Using Genomic Context Informed Genotype Data and Within‐model Ancestry Adjustment to Classify Type 2 Diabetes

Eric J Barnett,Yanli Zhang-James,Jonathan Hess,Stephen J Glatt,Stephen V Faraone
DOI: https://doi.org/10.1101/2024.09.12.24313579
2024-09-13
Abstract:Despite high heritability estimates, complex genetic disorders have proven difficult to predict with genetic data. Genomic research has documented polygenic inheritance, cross-disorder genetic correlations, and enrichment of risk by functional genomic annotation, but the vast potential of that combined knowledge has not yet been leveraged to build optimal risk models. Additional methods are likely required to progress genetic risk models of complex genetic disorders towards clinical utility. We developed a framework that uses annotations providing genomic context alongside genotype data as input to convolutional neural networks to predict disorder risk. We validated models in a matched-pairs type 2 diabetes dataset. A neural network using genotype data (AUC: 0.66) and a convolutional neural network using context-informed genotype data (AUC: 0.65) both significantly outperformed polygenic risk score approaches in classifying type-2 diabetes. Adversarial ancestry tasks eliminated the predictability of ancestry without changing model performance.
Genetic and Genomic Medicine
What problem does this paper attempt to address?

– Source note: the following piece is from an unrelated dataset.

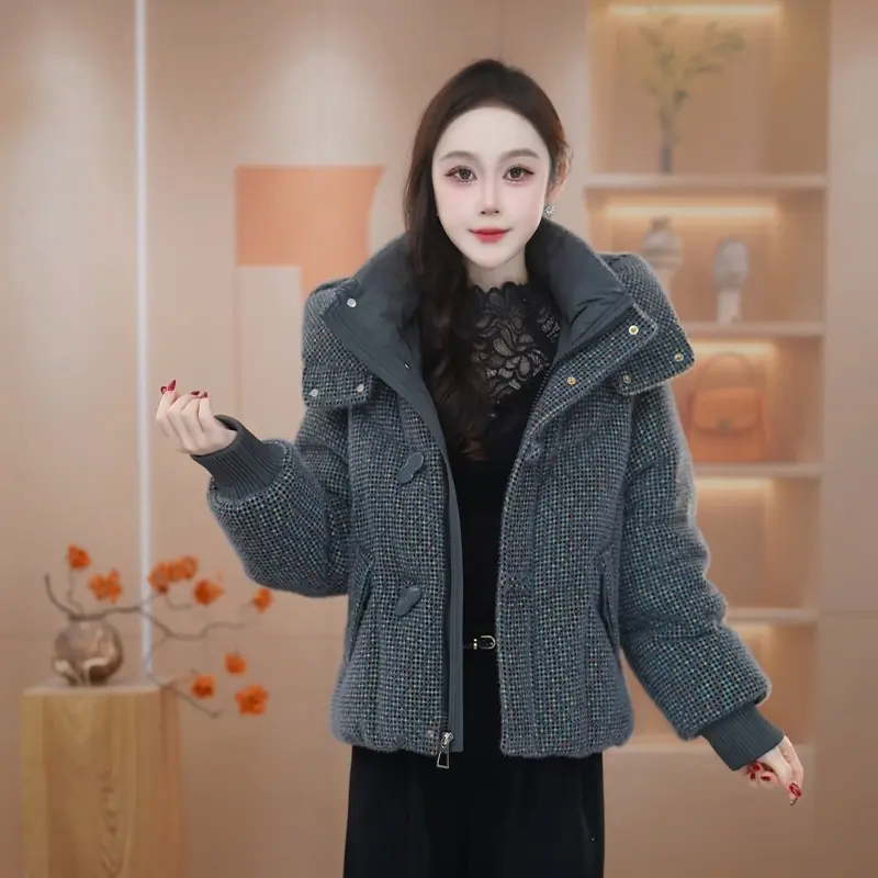 轻奢风短款羽绒服女2025新款冬季连帽格纹白鸭绒保暖显瘦外套
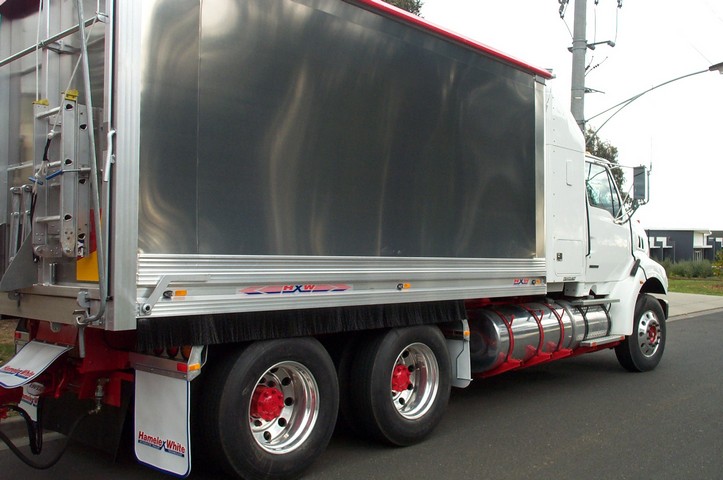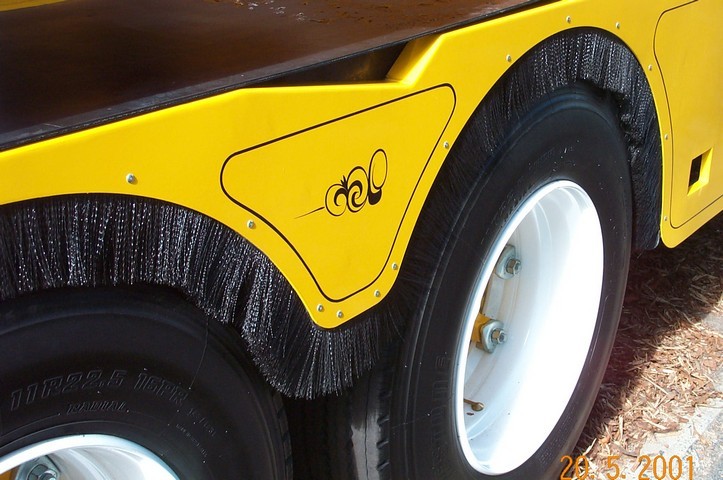 When used on truck and trailer bodies the brush directs water and dust back to the road surface below the windscreen level of other traffic and away from the truck’s mirrors.

The paper aims to address the following issues: 1. **Improving the accuracy of genetic risk prediction for type 2 diabetes (T2D)**: Although type 2 diabetes has a high genetic susceptibility, existing genetic data perform poorly in predicting disease risk. The paper proposes a new method that utilizes genomic contextual information and genotype data to improve the risk prediction of T2D. 2. **Addressing the impact of ancestral background on genetic risk models**: Ancestral background may affect the performance of genetic risk models, especially when there are systematic differences between different ancestral groups. The paper introduces adversarial tasks to eliminate the influence of ancestral information, thereby enhancing the generalization ability of the model. Specifically, the authors developed a framework based on convolutional neural networks (CNN) that combines genomic contextual information with genotype data to predict the risk of T2D. Additionally, they adjusted the ancestral information in the model through adversarial tasks to prevent the model from overly relying on ancestral background for classification. Experimental results show that this new method significantly outperforms traditional polygenic risk scoring methods in classifying T2D.